=== Required action ===
Copy out exactly the stretch of the listing below that begins at the line containing "2.) In einer" and ends at the line containing "페인트볼이나 BB탄을 쏘는", and copy nothing outside it.

=== Records provided ===
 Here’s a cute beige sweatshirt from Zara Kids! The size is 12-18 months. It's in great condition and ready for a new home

* * *

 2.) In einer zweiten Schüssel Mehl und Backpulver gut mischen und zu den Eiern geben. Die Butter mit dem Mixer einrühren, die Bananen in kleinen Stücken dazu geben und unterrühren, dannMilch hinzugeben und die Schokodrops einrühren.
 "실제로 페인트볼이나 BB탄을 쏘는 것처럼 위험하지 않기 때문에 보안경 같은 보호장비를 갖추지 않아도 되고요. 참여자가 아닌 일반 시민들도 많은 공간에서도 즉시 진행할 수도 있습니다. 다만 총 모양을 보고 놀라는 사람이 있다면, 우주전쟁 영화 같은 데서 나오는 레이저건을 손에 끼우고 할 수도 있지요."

--

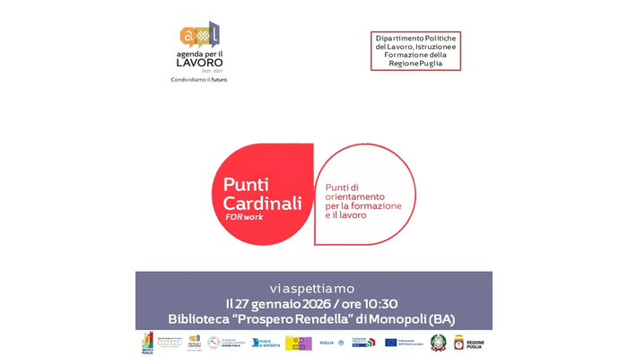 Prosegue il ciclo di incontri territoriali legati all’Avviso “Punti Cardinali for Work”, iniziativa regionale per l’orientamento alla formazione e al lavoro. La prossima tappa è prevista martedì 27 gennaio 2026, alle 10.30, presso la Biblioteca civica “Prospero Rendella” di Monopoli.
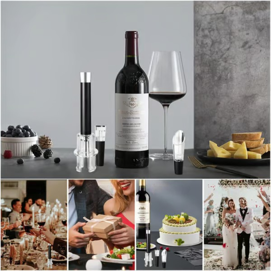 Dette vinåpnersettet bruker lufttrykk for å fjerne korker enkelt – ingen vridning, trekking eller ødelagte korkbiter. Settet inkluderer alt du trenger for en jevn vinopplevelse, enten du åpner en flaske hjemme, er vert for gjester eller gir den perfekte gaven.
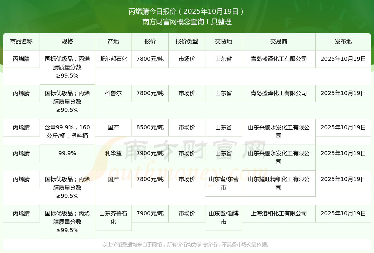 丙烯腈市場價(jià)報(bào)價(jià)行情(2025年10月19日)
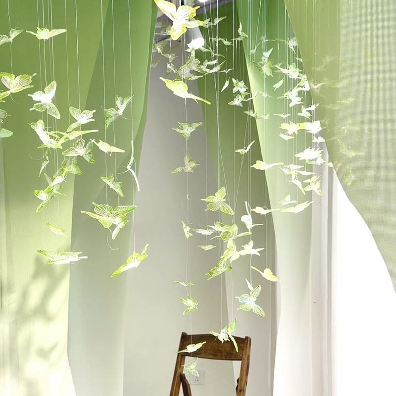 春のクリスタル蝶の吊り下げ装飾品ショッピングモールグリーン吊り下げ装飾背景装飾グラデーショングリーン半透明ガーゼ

=== Answer area ===
 2.) In einer zweiten Schüssel Mehl und Backpulver gut mischen und zu den Eiern geben. Die Butter mit dem Mixer einrühren, die Bananen in kleinen Stücken dazu geben und unterrühren, dannMilch hinzugeben und die Schokodrops einrühren.
 "실제로 페인트볼이나 BB탄을 쏘는 것처럼 위험하지 않기 때문에 보안경 같은 보호장비를 갖추지 않아도 되고요. 참여자가 아닌 일반 시민들도 많은 공간에서도 즉시 진행할 수도 있습니다. 다만 총 모양을 보고 놀라는 사람이 있다면, 우주전쟁 영화 같은 데서 나오는 레이저건을 손에 끼우고 할 수도 있지요."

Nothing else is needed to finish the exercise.